The truth is this .... the details ... as painful as they are ... and ultimately Christ's crucifixion on that cross .... that is the truth that sets us free.


Each of us have been one of those friends ... we have played at least one of those roles in our lives...

   .... the betrayer ... by denial, or gossip, maybe revenge, or maybe even for the "money"...

      ...we have  let someone we love down ... we fell asleep when they needed us

         ..we have believed lies for the truth ....

          ... and ALL of us at one time or another have expected Jesus to be something we "wanted"         rather than what He is ......


               .... and yet now ....... just like then ......

   ... He has already forgiven us .... we just need to ask .......

             .... "For by His stripes, we are healed" .....


Just like many of the prophecies in the Old Testament .... these things were meant to happen just as they did.

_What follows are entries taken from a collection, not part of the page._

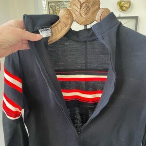 70s Fire Islander mock neck knit top with back zip made of 100% acrylic. Black with ivory and red stripe across the front and wrapped around each arm. Laying flat measures 26 inches shoulder to hem and 19 inches armpit to armpit. Tag size 11/12 based on the measurements it’s like a modern medium. Please double check measurements to ensure the proper fit for you. no noted flaws.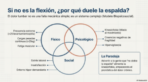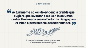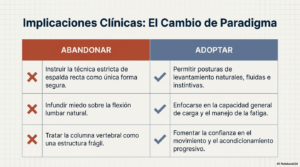 Por lo tanto, persistir en el consejo clínico y ocupacional de evitar la flexión lumbar no solo carece de respaldo biomecánico in vivo, sino que puede ser contraproducente. Fomentar la idea de que la espalda es vulnerable si se dobla puede generar ansiedad y patrones de movimiento rígidos y poco naturales que, paradójicamente, podrían perpetuar las molestias.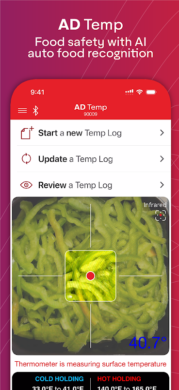 AD Temp is de veiligste manier om voedseltemperaturen te meten en andere voedselveiligheidstaken te automatiseren. De app elimineert onnauwkeurigheden en vereenvoudigt het HACCP-proces door de temperatuur vast te leggen, deze digitaal vast te leggen en workflows te activeren wanneer corrigerende maatregelen nodig zijn. Indien ingeschakeld kan de app ook automatisch voedselproducten herkennen met behulp van AI om de voedselveiligheid verder te automatiseren.

While the one who betrayed Him did in fact take His own life .... there are happier endings too ....
    ... Those who fell asleep ...became the one's who spread the gospel...
      ....The one who denied Him .... became the "rock" the church was built on ...
          ... and those who scorned Him .....even some who had cried out .... "CRUCIFY HIM!!!"
                   they became followers and members of the first churches ......


I certainly hope that you can enjoy and celebrate this Easter Sunday with the joy that comes from knowing that ...... HE is Risen INDEED ...... HALLELUJAH .....!!!!!!